Бальтазар
Шрифт:
«Хватит, хватит! — встрепенулся наконец Нессим. — Если завтра ранний подъем, то нужно бы и лечь пораньше, как ты думаешь?»
Наруз тоже встал и, все еще исполняя роль гостеприимного хозяина, велел подать воду и побольше света и сам проводил его в спальню. Он дождался, пока Нессим умоется, разденется и заберется на старомодную скрипучую кровать, и только потом пожелал ему доброй ночи. Он был уже в дверях, когда Нессим сказал, подчинившись внезапному порыву:
«Наруз, я бы хотел кое-что тебе сказать». И, снова охваченный нерешительностью, добавил: «Но это подождет до завтра. Мы ведь будем одни, не так ли?» Наруз кивнул и улыбнулся. «Пустыня для них такая нитка, что я всегда отпускаю их на границе — слуг».
«Да-да». — Нессим, разумеется, прекрасно знал, что пустыня для египтян — проклятые земли, обиталище демонов и прочего рода чудовищных посланцев Иблиса, мусульманского Сатаны.
Нессим уснул, а когда проснулся, брат, полностью одетый, уже стоял у его кровати, держа наготове
«Нет, — сказал Нессим, — как ни странно. К восьми я обычно уже в офисе».

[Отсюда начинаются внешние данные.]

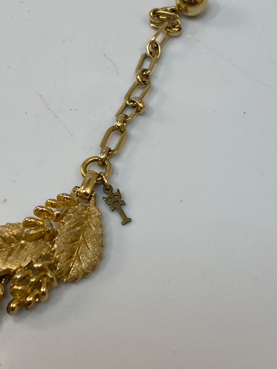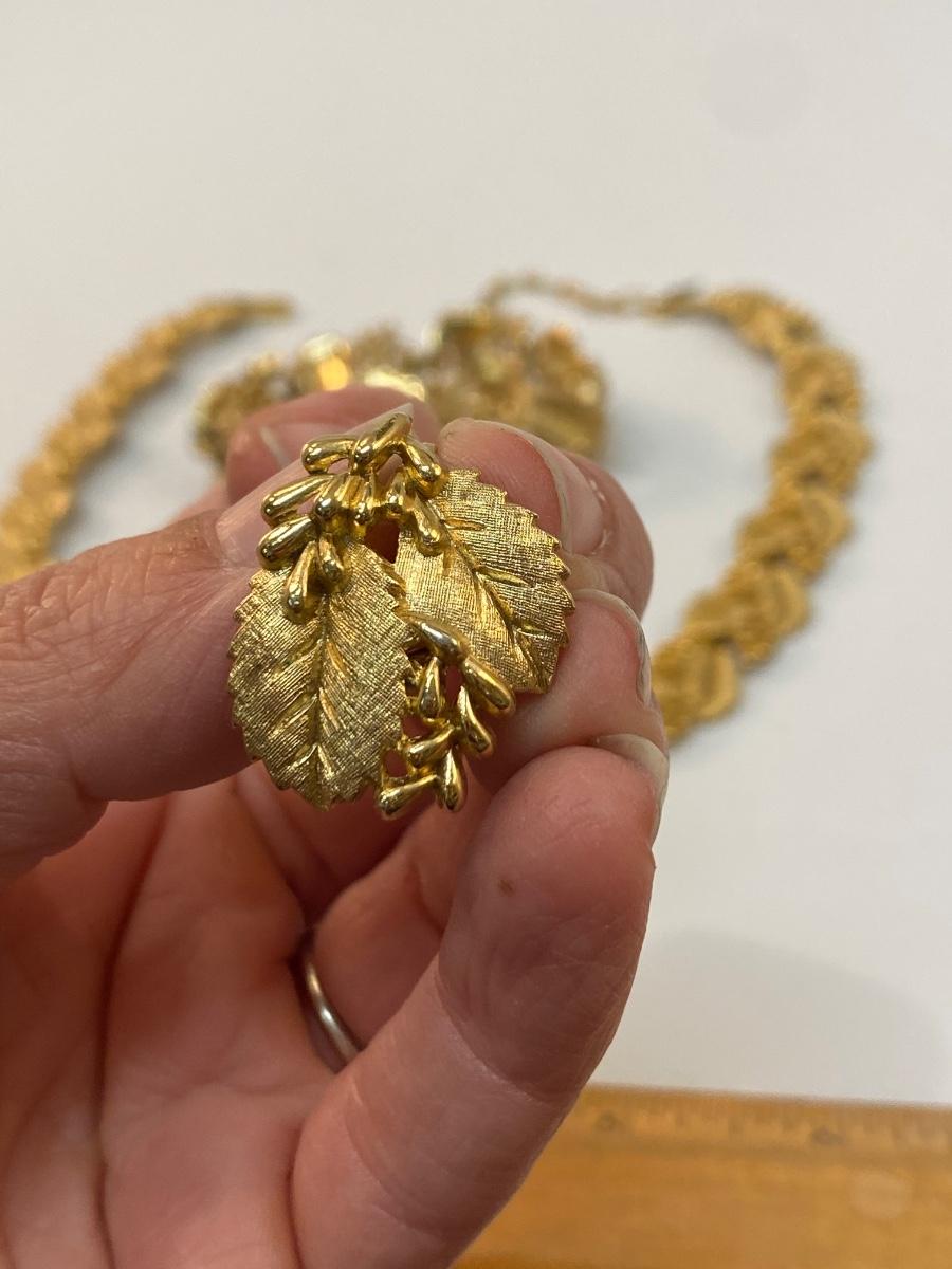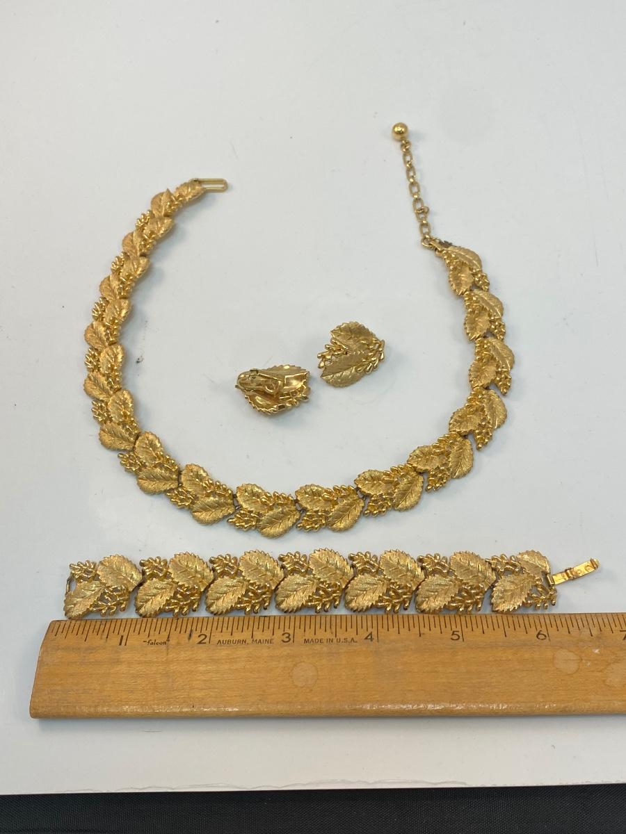 Vintage Crown Trifari 3 Piece Gold Tone Holly Leaf Jewelry Set. Comes with choker necklace, bracelet, and clip style earrings. Good vintage condition.

«К восьми! О, бедный мой брат!» — насмешливо возгласил Наруз и помог ему одеться. Лошади были уже оседланы, и они поскакали туда, где сквозь голубоватую дымку над озером понемногу пробивалась заря. Свежий, с запахом морозца воздух — но солнце уже просочилось в небо над их головами и слизывало росу с деревенского минарета.
Наруз ехал впереди, петляя по извилистым дорожкам, по прихотливо изогнутым вьючным тропам, перебираясь через дамбы, не задумываясь, почти не глядя по сторонам, ибо вся эта земля хранилась в его голове, как детальная, искусным картографом сработанная карта. Он всегда носил ее в себе, как план битвы, помнил возраст каждого деревца, водоотдачу каждого колодца, скорость наноса песка — до дюйма. Эта земля владела им безраздельно.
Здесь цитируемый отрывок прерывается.